» **Exercise instructions**: Look through the data below and output, unchanged, every line from the one holding "300469信息發(fā)展" through the one holding "United Cities and", inclusive. Skip the pictures.

» **Information supplied**:
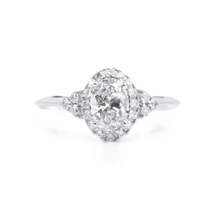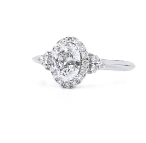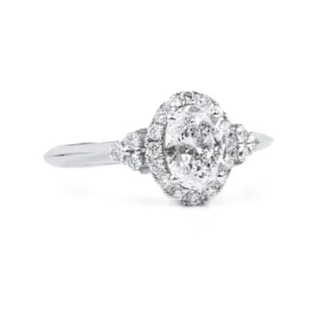 Bague de promesse en argent sterling massif 925 avec pierre centrale en or 10K 14K et pierres latérales ovales, halo de diamants ronds cultivés en laboratoire - Vente en gros
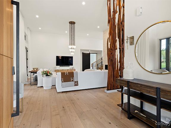 Explore this fully custom and modern home in the beautifully-seasoned and tranquil Bridgewater neighborhood. Situated on a semi-cleared corner lot, allows for floods of natural light throughout the day. 13.5' ceilings in the main common area and the open floor plan create a grand and spacious environment blending functionality and a luxurious lifestyle. This home was built with efficiency and technology in mind. A fully encapsulated and heated/cooled crawlspace provides efficient radiant heating to the entire main floor. High-end materials are visible throughout the home from the custom kitchen and vanities to the unique solid Amazon River wood accent piece dividing the living area. The tastefully landscaped flat backyard has a designated spot for a pool if desired.
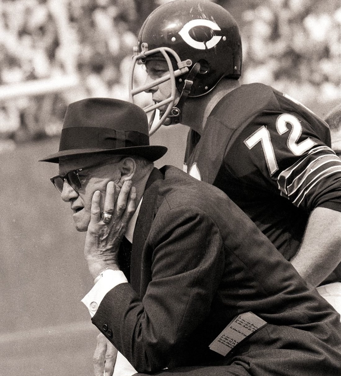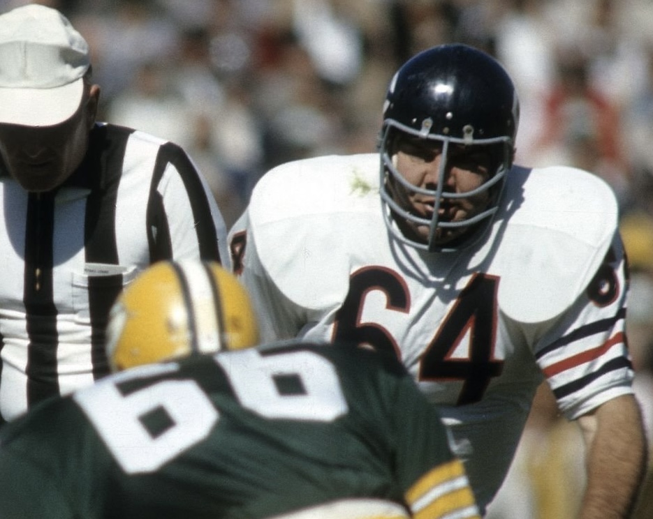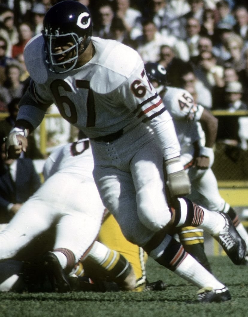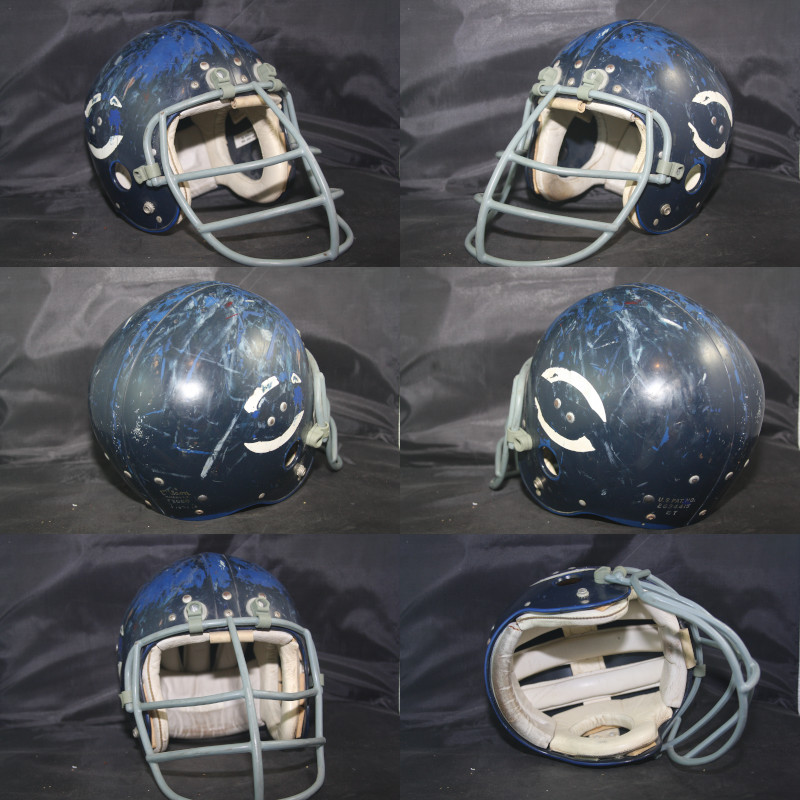 1969 Wilson F2000 Chicago Bears Game Worn Used football helmet. The helmet is complete and original as sourced to us with no modifications or alterations of any kind and shows extreme game wear to the exterior and logo decals. The helmet does not have any player identifiers inside the shell so we have not been able to attribute it to a specific player. With the extreme wear and lack of identifiers, it is possible that after seasons of game use it was relegated to a practice helmet.
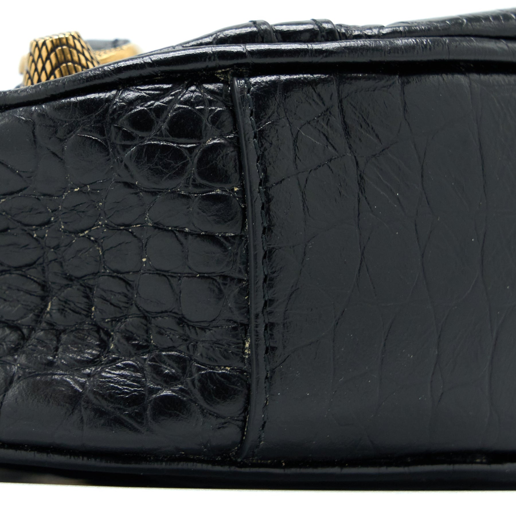 Top Quality Balenciaga Le Cagole XS Shoulder Bag Croc-Embossed Calfskin Black Aged-Gold Hardware
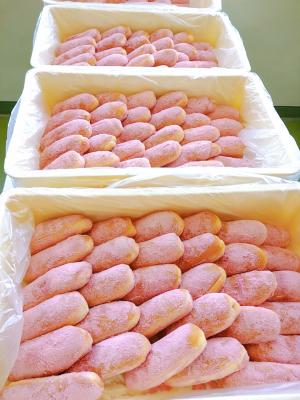 フライヤーでパンをあげ(奥)あげたてパンにいちごシュガーをまぶして(右)パン箱に入れています(左)
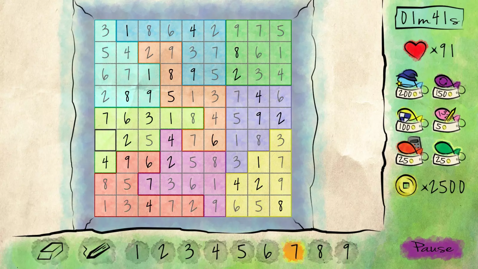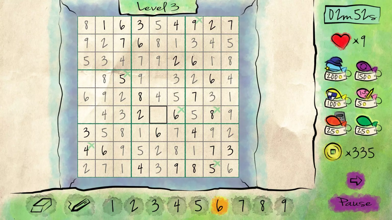 轻松写意 完成任意冒险关卡且无任何错误。 对于熟悉数独的人来说,无错通关相当简单。在尝试向单元格填入错误数字时会损失生命值。
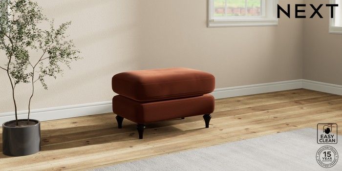 7.2.10 Sadie Deep Relaxed Sit Footstool Plush Velvet Easy Clean Ginger Orange High Slim Turned - Dark | Made Click here to use our website with more accessibility support, for example screen readers
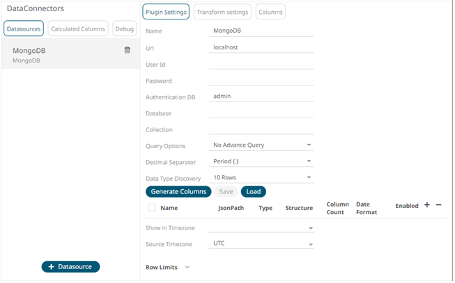 1. Select MongoDB from the Data Sources pane. The MongoDB Settings pane and the retrieved MongoDB source are displayed.
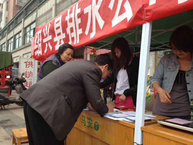 4月15日排水公司工作人員一行10人來(lái)到錢(qián)清鎮(zhèn)春天雅苑小區(qū),向小區(qū)居民宣傳排水知識(shí),發(fā)放宣傳單,提供排水服務(wù)。
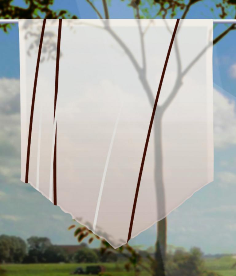 Die Scheibenhänger sind aus einem feinen Polyestergewebe, d. h. feiner Polyester Voile produziert und werden in Handarbeit bei uns im Haus konfektioniert. Die Scheibenhänger verfügen rechts und links über einen Saum.
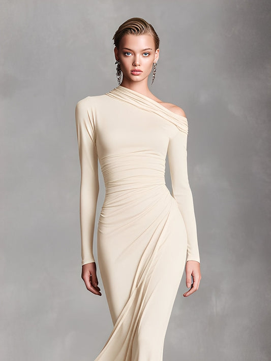 A cream jersey maxi dress with an elegant one-shoulder design and ruched detailing. It’s sleek, flattering, and perfect for formal occasions or upscale events.
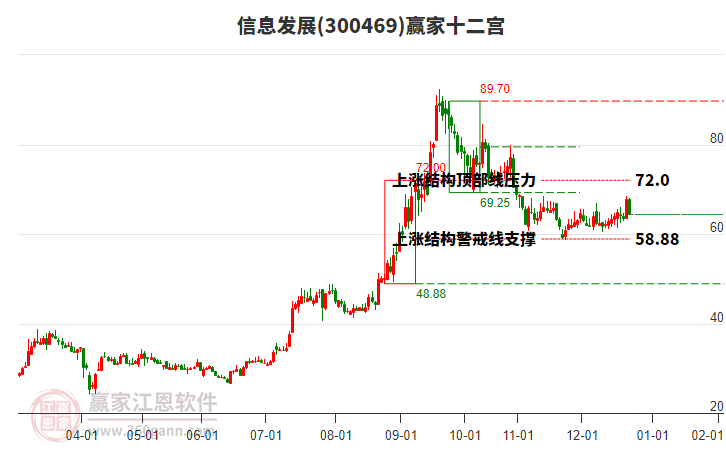 300469信息發(fā)展處于贏家江恩多頭次主線形態(tài),從1月13日形成頂分型后持續(xù)下跌,重心下移,今日跌破前低形成短期初次筑頂信號,短期多頭趨勢已被破壞,中期多頭趨勢延續(xù),但長期處于回調(diào)中。300469信息
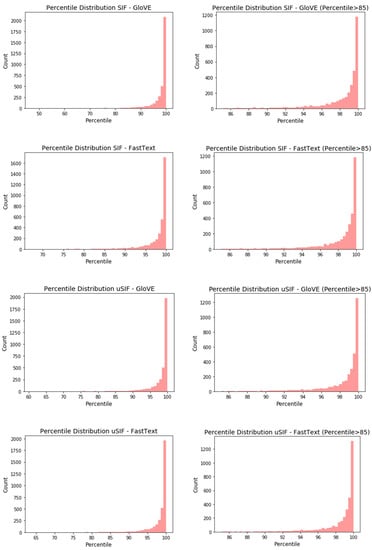 The percentile of every query or test caption in the validation set is noted for different models. As can be seen from Table 3 itself, for each of the embedding models, in approximately 99% of the cases, the relevant search results are within the Top-15%. Thus, to visualize these results, we further clip the percentile level to be greater than 85, as shown in the plots at the right-hand side in the figure below. The histograms are made using the stored percentiles, which are represented in Figure 5.
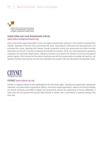 United Cities and Local Governments (UCLG) www.cities-localgovernments.org UCLG is the world’s largest organisation of local and regional governments, working in 140 countries to represent their interests, regardless of the size of the communities they serve, advocating for democratic local self-government, and promoting their values, objectives and interests, through cooperation among local governments and within the wider international community. In the field of resilience and disaster risk reduction, UCLG is an active participant in awareness campaigns and information dissemination, helping its members to put disaster risk reduction on the local and regional political agenda. UCLG ensures that the national structures work with local governments on disaster risk reduction, risk reduction functions and resources and that local authorities have access to UN and international risk prevention funds.
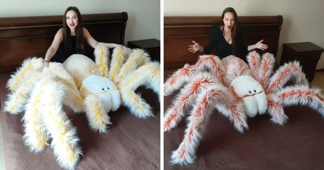 A plush spider can act as a pillow or an ordinary toy. It will evoke only positive emotions and will not scare you at all.
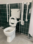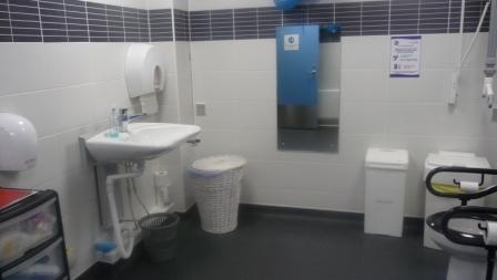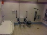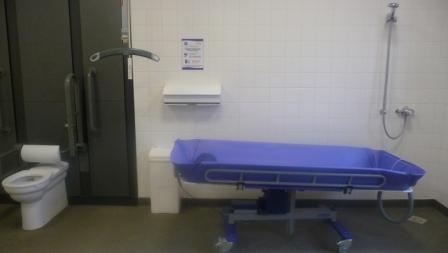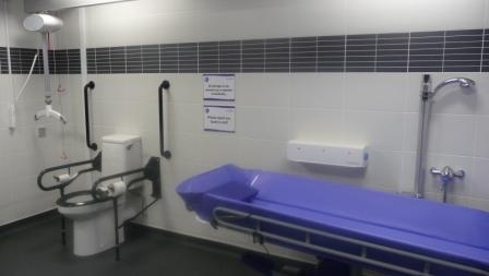 FACILITIES: Bench – Height Adjustable, Adult Sized, Wall Mounted | Hoist – Ceiling | Peninsular Toilet | Non-Slip Floor | Floor Space (sq. m) – 13 | Emergency Alarm | Privacy Screen | Paper Roll | Radar Key | Managed | Locked Accessible Shower | Colostomy Shelf
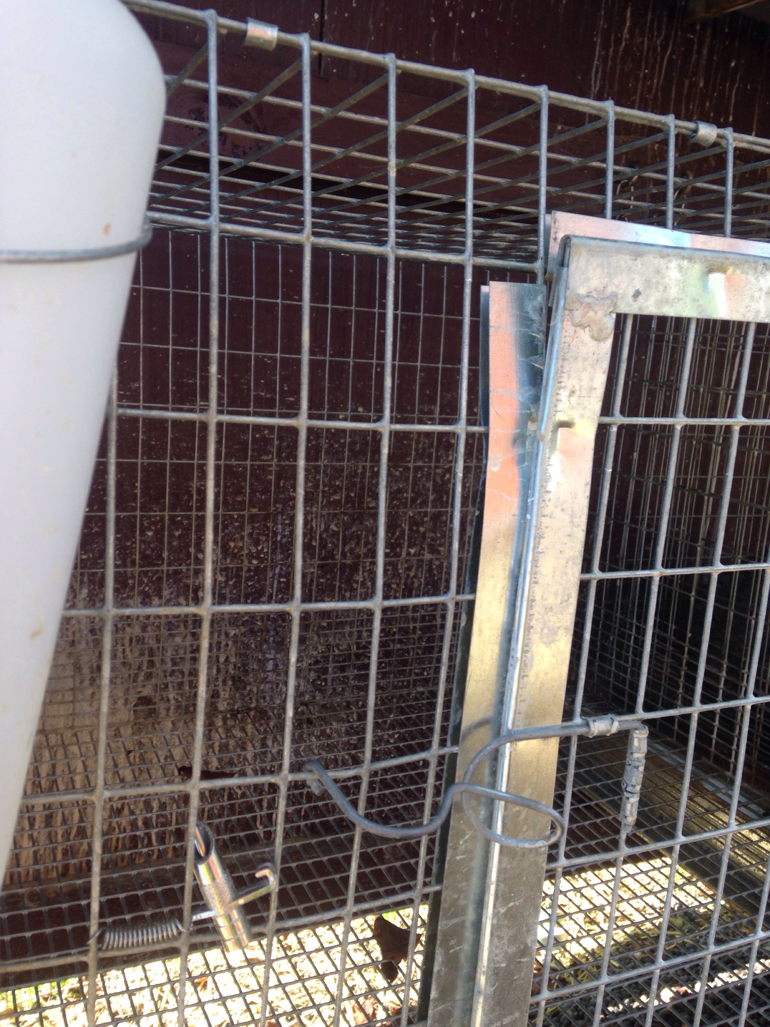 Below, you can see where the dog tore down the automatic watering system we had in place. It broke into Leah’s cage and popped open the lock.
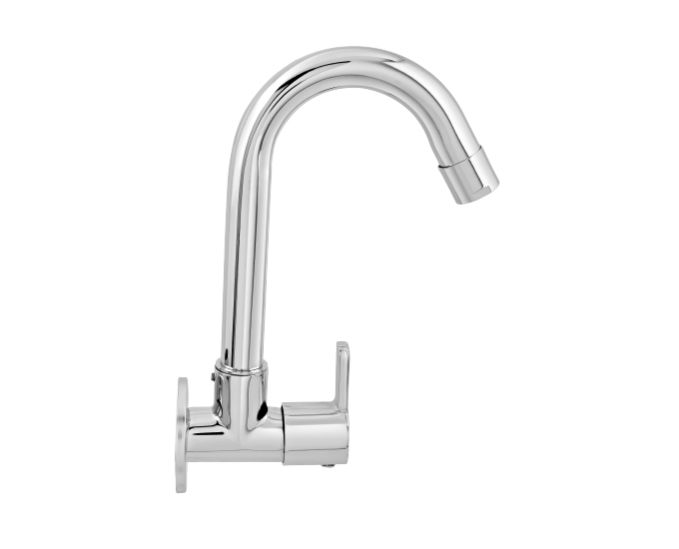 Quarter Turn Wall mounted Sink cock with long swivel spout and wall flange | F1015251

» **Response to the exercise**:
 300469信息發(fā)展處于贏家江恩多頭次主線形態(tài),從1月13日形成頂分型后持續(xù)下跌,重心下移,今日跌破前低形成短期初次筑頂信號,短期多頭趨勢已被破壞,中期多頭趨勢延續(xù),但長期處于回調(diào)中。300469信息
 The percentile of every query or test caption in the validation set is noted for different models. As can be seen from Table 3 itself, for each of the embedding models, in approximately 99% of the cases, the relevant search results are within the Top-15%. Thus, to visualize these results, we further clip the percentile level to be greater than 85, as shown in the plots at the right-hand side in the figure below. The histograms are made using the stored percentiles, which are represented in Figure 5.
 United Cities and Local Governments (UCLG) www.cities-localgovernments.org UCLG is the world’s largest organisation of local and regional governments, working in 140 countries to represent their interests, regardless of the size of the communities they serve, advocating for democratic local self-government, and promoting their values, objectives and interests, through cooperation among local governments and within the wider international community. In the field of resilience and disaster risk reduction, UCLG is an active participant in awareness campaigns and information dissemination, helping its members to put disaster risk reduction on the local and regional political agenda. UCLG ensures that the national structures work with local governments on disaster risk reduction, risk reduction functions and resources and that local authorities have access to UN and international risk prevention funds.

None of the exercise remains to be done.